What you will do :: Reproduce every line below exactly as written; do not include the images.

Raw data ::
•••••

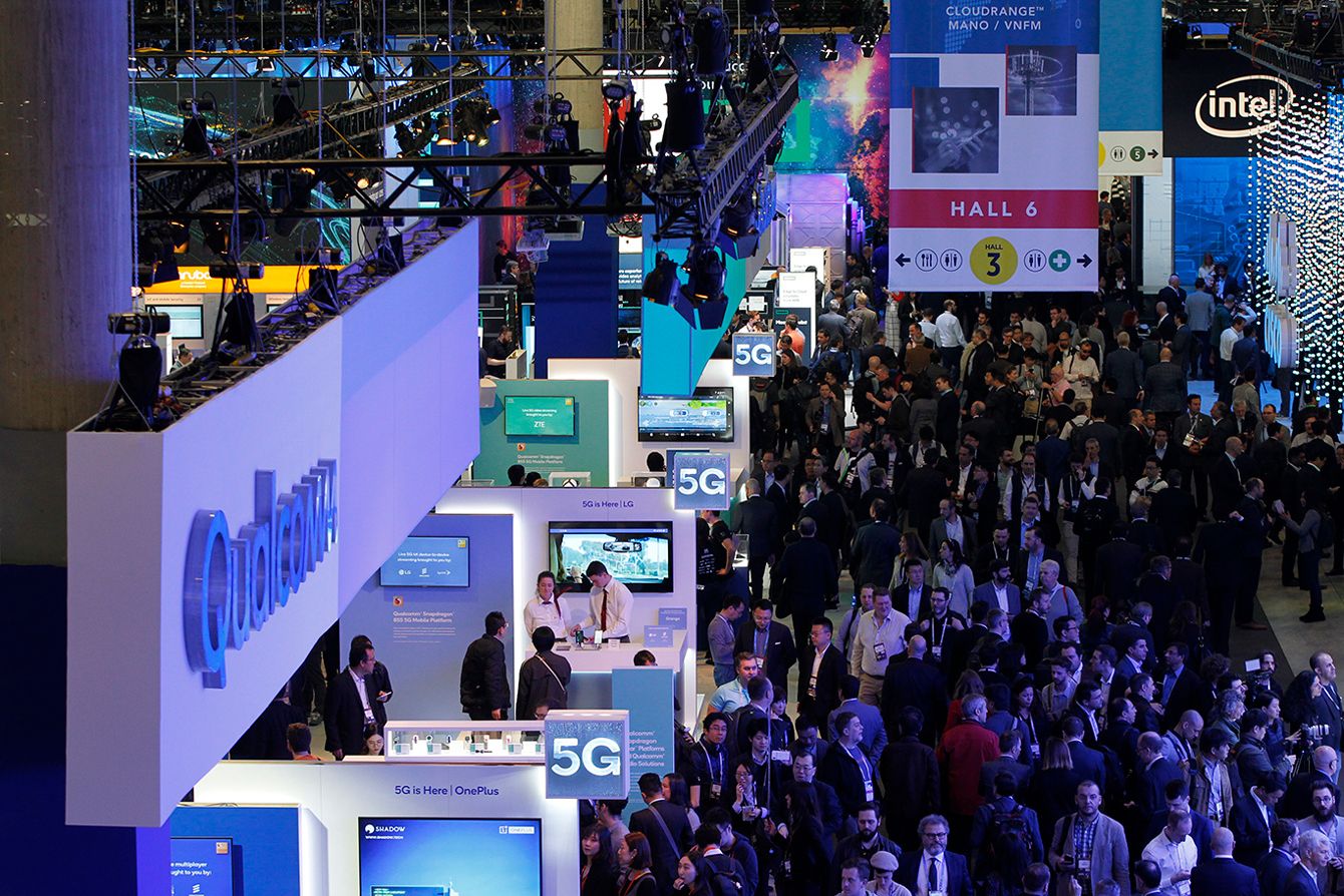 世界最大のモバイル見本市「MWC19バルセロナ」の様子。クアルコムのブースには「5G」の2文字が並んでいた。(写真提供=MWC)
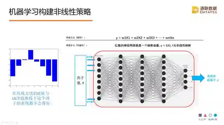刚才提到量化管理已经超过主动管理,成为最主要的投资策略,传统量化是线性模型或者说多因子模型,多因子模型是把一个资产的收益分解成很多因子收益的求和,但是现实生活中太多因子,其实并不是线性关系。比如左边的图是二次关系,用传统基于IC的方法或者做多做空的方法,很难找到有效的因子,机器学习发展给了我们这样的机会,机器学习在对非线性模型的研究上有很多的积累,我们可以利用这样的知识去发掘信息中的非线性关系,帮助我们预测未来资产的收益。
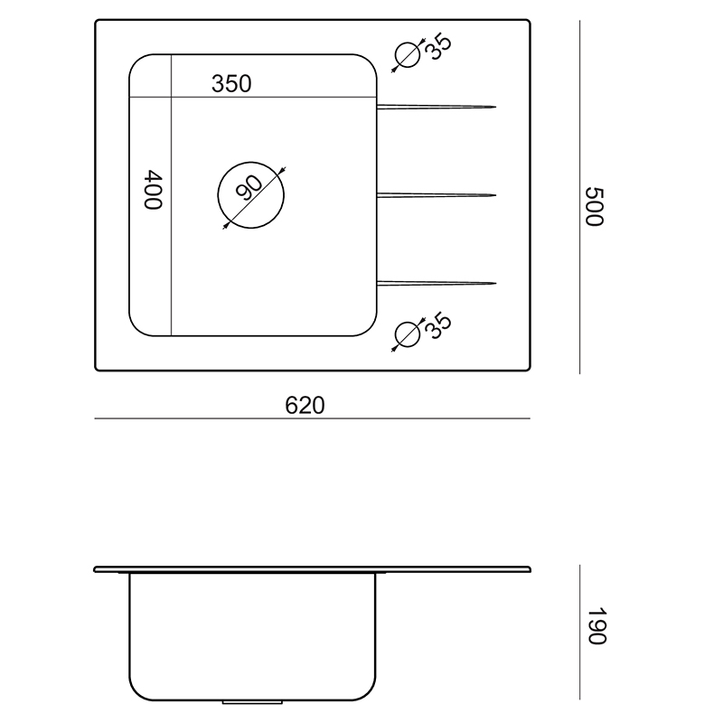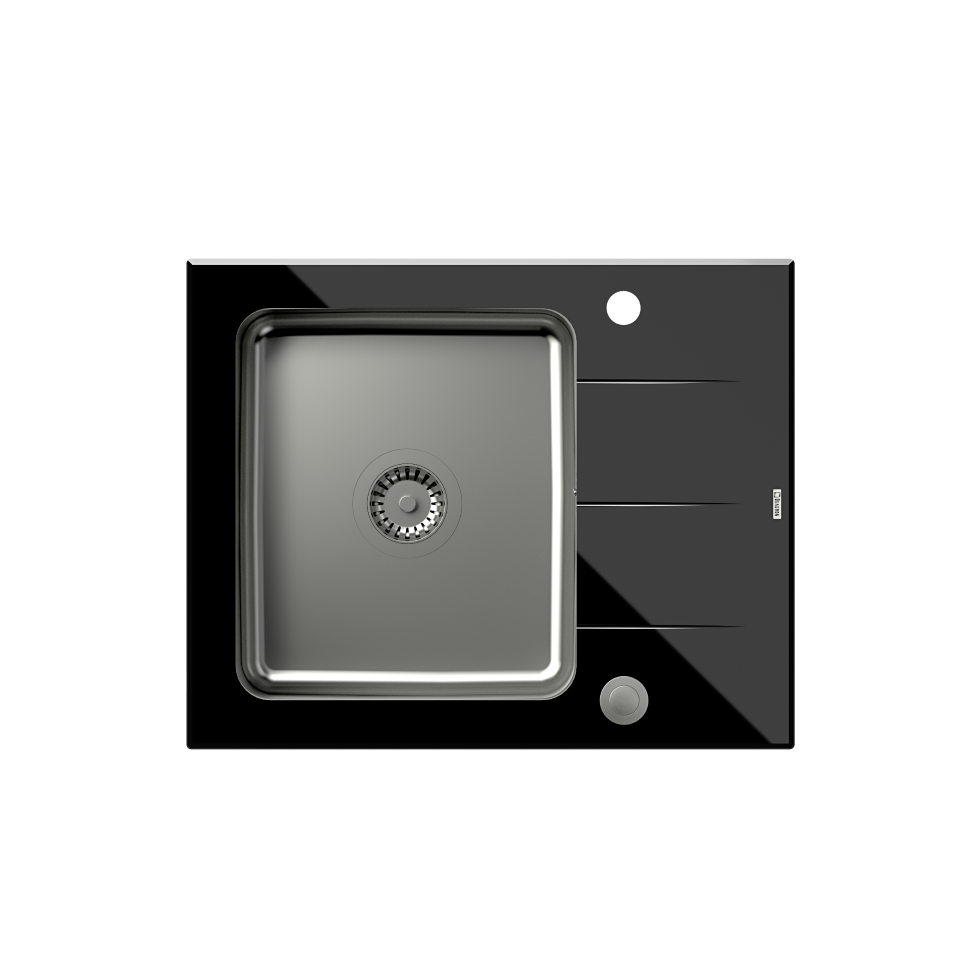 Ford 116 HardQ cuva de oțel cu blat de sticlă neagră

•••••

Solved problem ::
 世界最大のモバイル見本市「MWC19バルセロナ」の様子。クアルコムのブースには「5G」の2文字が並んでいた。(写真提供=MWC)
刚才提到量化管理已经超过主动管理,成为最主要的投资策略,传统量化是线性模型或者说多因子模型,多因子模型是把一个资产的收益分解成很多因子收益的求和,但是现实生活中太多因子,其实并不是线性关系。比如左边的图是二次关系,用传统基于IC的方法或者做多做空的方法,很难找到有效的因子,机器学习发展给了我们这样的机会,机器学习在对非线性模型的研究上有很多的积累,我们可以利用这样的知识去发掘信息中的非线性关系,帮助我们预测未来资产的收益。
 Ford 116 HardQ cuva de oțel cu blat de sticlă neagră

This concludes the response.